I think this is normal. Maybe your code was changed / refactored before the update ?
TabBarItem
is defined in UIViewController
and represent the tab bar item of this view controller.
So this.TabBarItem
is the tab bar item of this this view controller, e.g. I used a UITabBarController
in my code (let's call it parent
).
this.TabBarController.TabBar.Items[x]
would represent the tab bar item of one of the child view controller of this parent
.
So when I create child1
and child2
(both instances of UIViewController
) and assign them to parent.ViewControllers
we get three instances of UITabBarItem
(one for parent, one for each child) - but only two of them (the children will ever be visible).

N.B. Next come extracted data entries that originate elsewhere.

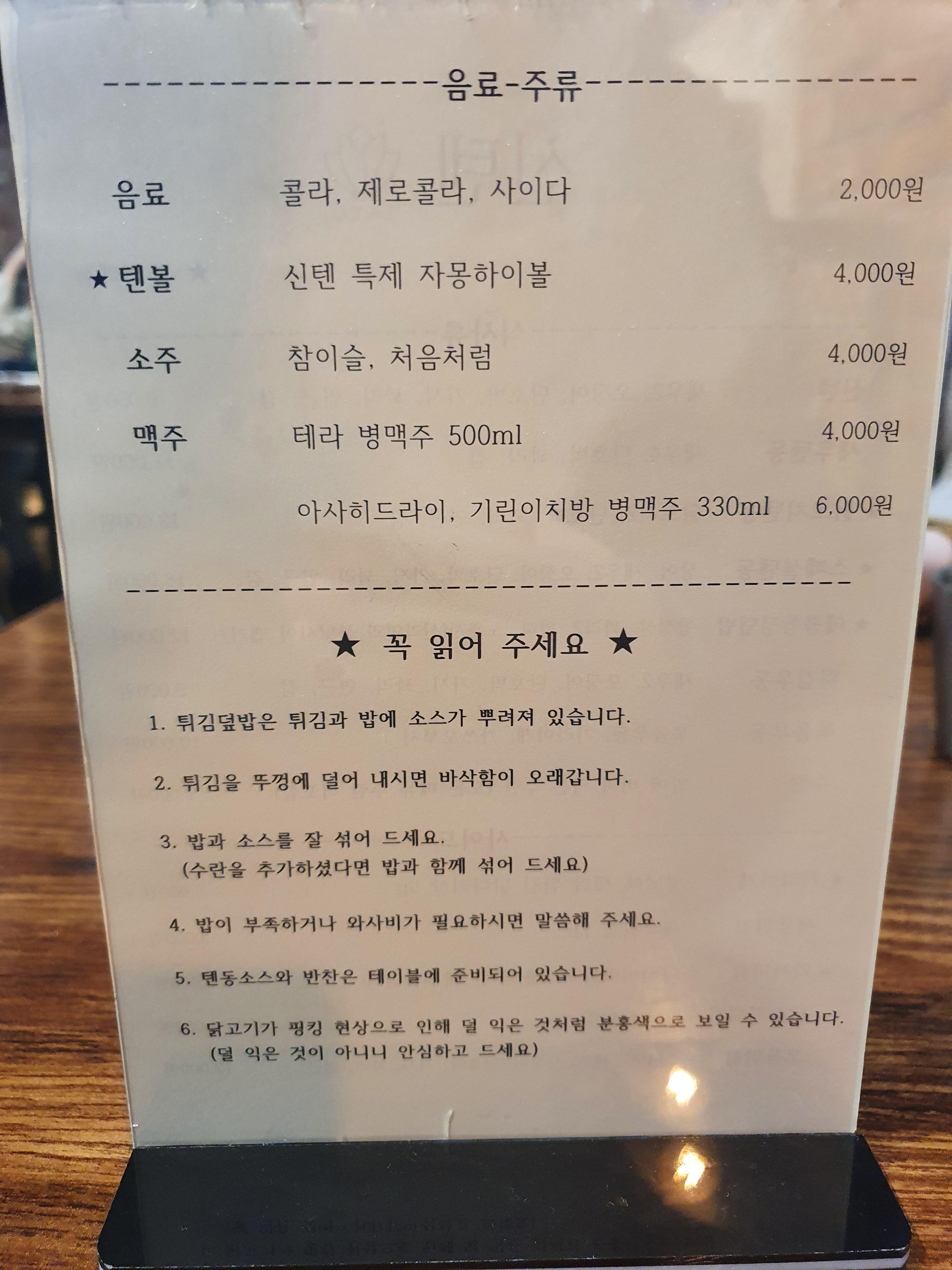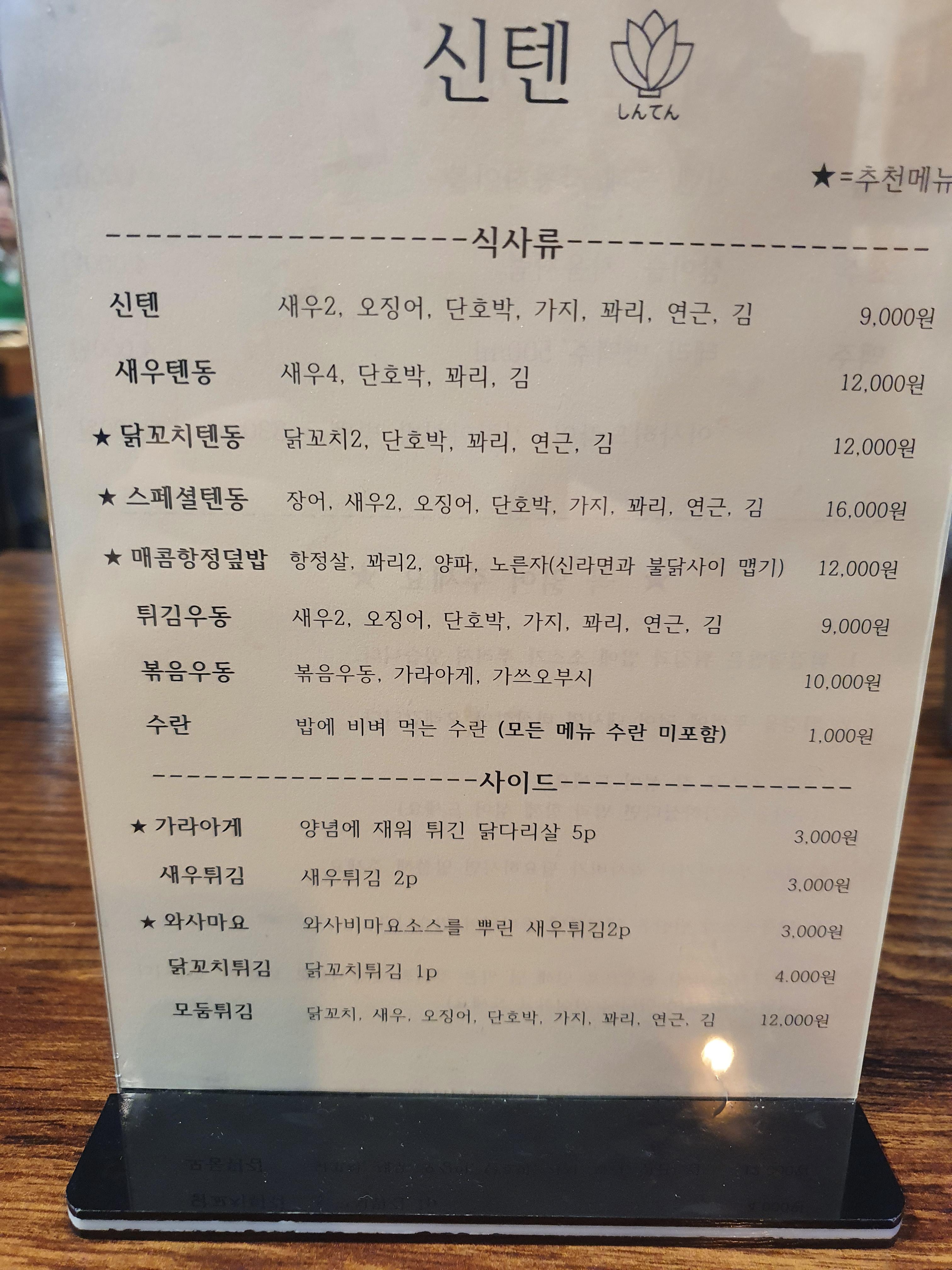 신텐, 새우텐동, 닭꼬치 텐동, 스페셜텐동, 매콤항정덮밥, 튀김우동, 볶음우동이 주 메뉴이고, 수란을 추가가능합니다.
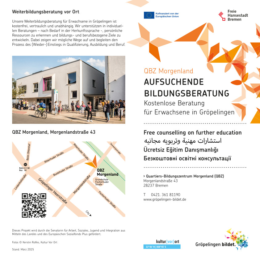- Die Aufsuchende Bildungsberatung in GröpelingenDie Aufsuchende Bildungsberatung richtet sich an erwachsene Gröpelinger:innen und behandelt Fragen zur schulischen und außerschulischen Weiterbildung, Nachqualifizierung, zu Deutschkursen, Praktika und Arbeitsplatzsuche. Sie ist eine…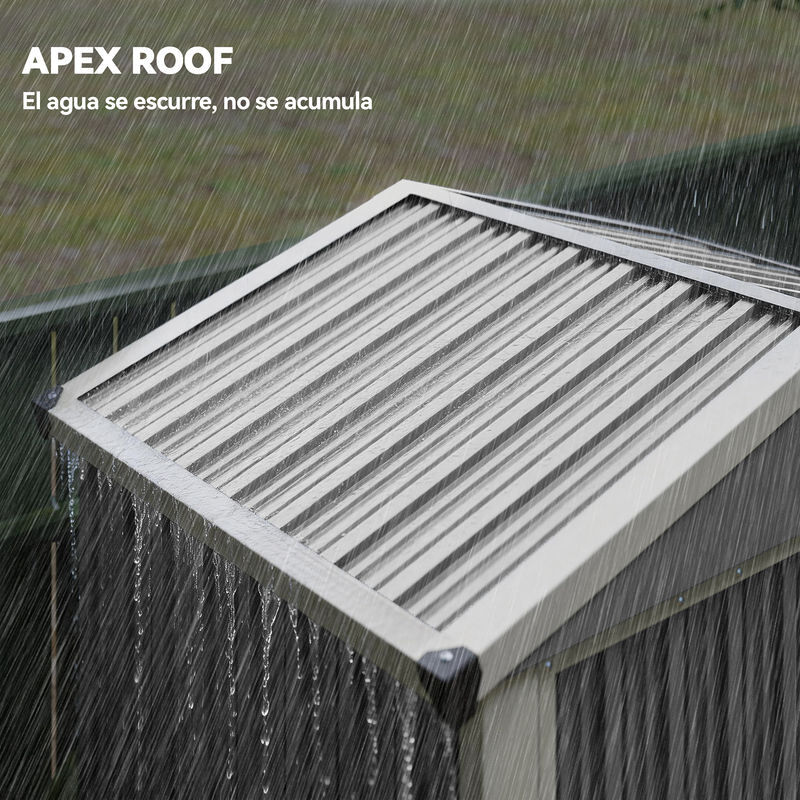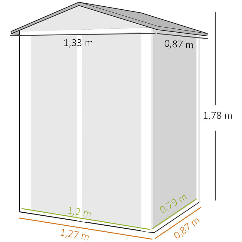 Proteja e organize as suas ferramentas com este abrigo de jardim exterior metálico. A sua estrutura de aço galvanizado e o telhado inclinado resistem às condições climatéricas, enquanto as portas duplas facilitam o acesso. Uma solução compacta e prática para manter o seu espaço exterior organizado durante todo o ano. Características: - Abrigo de exterior com portas duplas de 109 cm que facilitam o acesso a objetos volumosos - Casota de jardim com estrutura fabricada em aço galvanizado para maior resistência ao exterior - Telhado inclinado com viga superior que melhora o escoamento da água - Revestimento resistente aos raios UV para uso prolongado ao ar livre - Interior de 120x79x175 cm sobre uma base compacta de 1,1 m² - Esta casota de exterior requer montagem e inclui luvas para uma instalação mais segura Especificaciones: - Cor: verde - Material: aço galvanizado - Medidas totais: 133x87x178 cm (LxPxA) - Medidas interiores: 120x79x175 cm (LxPxA) - Medidas da base: 127x87 cm (LxP) - Medidas da porta: 109x154 cm (LxA) - Resistência à neve: 20 kg/m² - Referência: 84H-459V00GN O pacote inclui: - ● 1 x Abrigo de jardim; ● 1 x Par de luvas; ● 1 x Manual de instruções

E.g. from logging the handle values
2012-09-14 20:13:24.092 test1[47917:1507] parent.TabBarItem.Handle = 291086496
2012-09-14 20:13:24.094 test1[47917:1507] parent.TabBar.Items [0].Handle = 218412640
2012-09-14 20:13:24.094 test1[47917:1507] parent.TabBar.Items [1].Handle = 160885040
2012-09-14 20:13:24.095 test1[47917:1507] child1.TabBarItem.Handle = 218412640
2012-09-14 20:13:24.096 test1[47917:1507] child2.TabBarItem.Handle = 160885040
So I can either do:
child1.TabBarItem.BadgeValue = "5"; // or
parent.TabBar.Items[0].BadValue = "5";
to get the same behaviour. However changing the parent.TabBarItem
won't be visible anywhere (at least not in my case where this is the RootViewController
of my test application).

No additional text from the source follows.